Eating cookies to sleep (and get creative and clean your entire house and be the smartest, funniest, most productive version of yourself) gets a bit tricky when you’re

working for an airline and traveling as much as I do-- but lately I’ve been laying off the pot so much because about a month ago I had a bad trip on cookies my Mom had made (hilarious in and of itself considering she doesn’t drink or do drugs really--she’s more of a "let the doctor prescribe it" person--) and found myself in the middle of what I keep calling a psychotic break. I had flown over to Vancouver on my days off to visit my Mom and try to nip in the bud this growing divide I felt happening in our energies; we’re close in a way that I don’t think many families are. I haven’t physically lived near her for close to twenty years, but we see each other more often than some of my friends who live closer to their parents. And we normally talk on the phone or via email pretty often.

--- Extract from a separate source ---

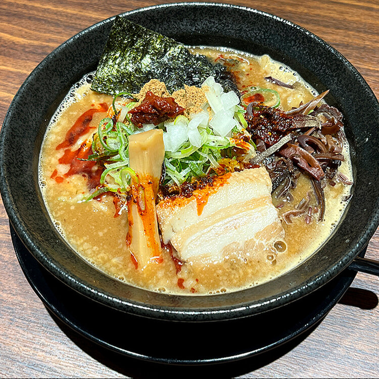 仕事•••納まったのか???今年も頑張った🙌🏻 少々残業して、遅いランチ。 麺匠和蔵 秋津店にて、旨辛魚介豚骨らーめんを太麺で注文しましたー🥳

She visited in the Summer and talked then about her moving to Toronto but the conversation got tense when she suggested living together in the same space-- all of a sudden I am living with my mom again? No, no I can’t do that, I thought, and back- pedalled furiously against the idea. I hurt her in doing that, because she has been so incredibly generous financially and I live a pretty great life thanks in good part to her (like, no one else I know has a more fun and free life than me), so to be this seemingly- greedy little asshole about possible new living arrangements together was not a good thing. I’ve had many conflicting viewpoints on it since the whole thing happened, but mainly have learned that I want to try to see everything from a standpoint of giving out love more than anything. When you’re as independent as I am, that’s not an easy thing to train yourself to do. But I’m not an asshole-- at least I don’t think I am, really. I’m strong-willed but not rigidly stuck in one direction. The monkey has movement.